What to do: Copy exactly the lines from the line holding "Als je rokje" through the end of the material, and no others; pictures stay out.
Segment Start: Given information
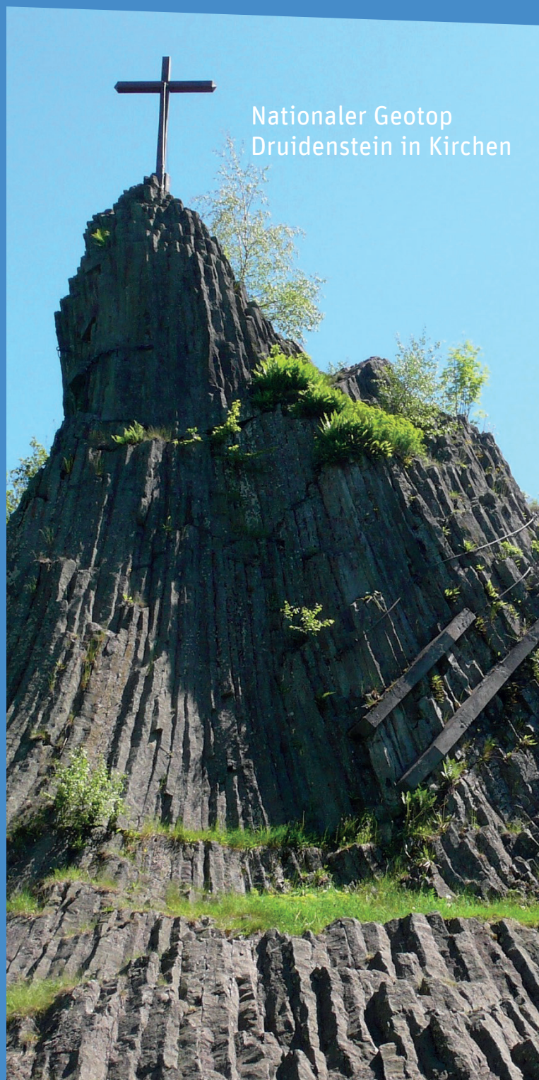
Nationaler Geotop Druidenstein in Kirchen
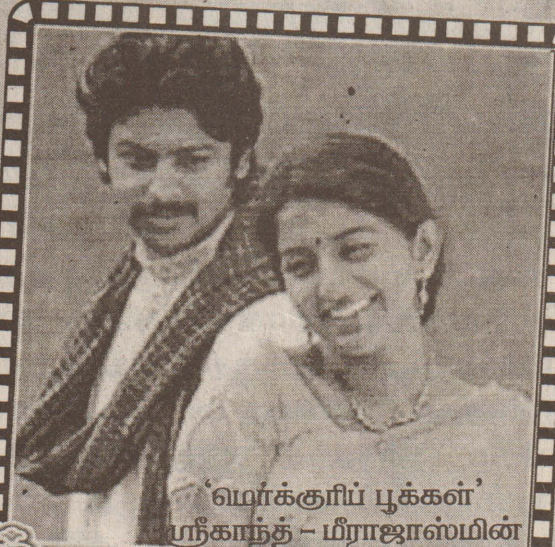
'மெர்க்குரிப் பூக்கள்' பரீகாந்த் - மீராஜாஸ்மின்
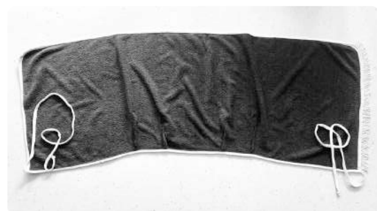
Als je rokje af is, ziet het er zo uit als je het rokje voor je neerlegt

Knip stroken van 5 cm breed uit het t-shirt en naai de smalle uiteinden van de stroken aan elkaar. Naai de coupenaadjes van de badstofrok dicht en eventueel nog 2 kleinere coupenaadjes aan de achterkant. Bies alle randen van de rok af met de t-shirt-stroken (eerst aan de verkeerde kant erop naaien, dan eromheen vouwen en op de juist kant vaststikken). Gebruik de rest van de strook als striklinten. Eventueel nog een sierrandje op het voorpand en klaar is je pareo!
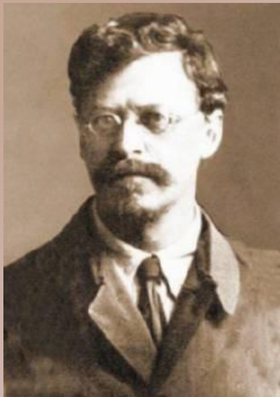
Алексей Алексеевич Игнатъев
Segment End: Given information
Answer space:
Als je rokje af is, ziet het er zo uit als je het rokje voor je neerlegt

Knip stroken van 5 cm breed uit het t-shirt en naai de smalle uiteinden van de stroken aan elkaar. Naai de coupenaadjes van de badstofrok dicht en eventueel nog 2 kleinere coupenaadjes aan de achterkant. Bies alle randen van de rok af met de t-shirt-stroken (eerst aan de verkeerde kant erop naaien, dan eromheen vouwen en op de juist kant vaststikken). Gebruik de rest van de strook als striklinten. Eventueel nog een sierrandje op het voorpand en klaar is je pareo!
Алексей Алексеевич Игнатъев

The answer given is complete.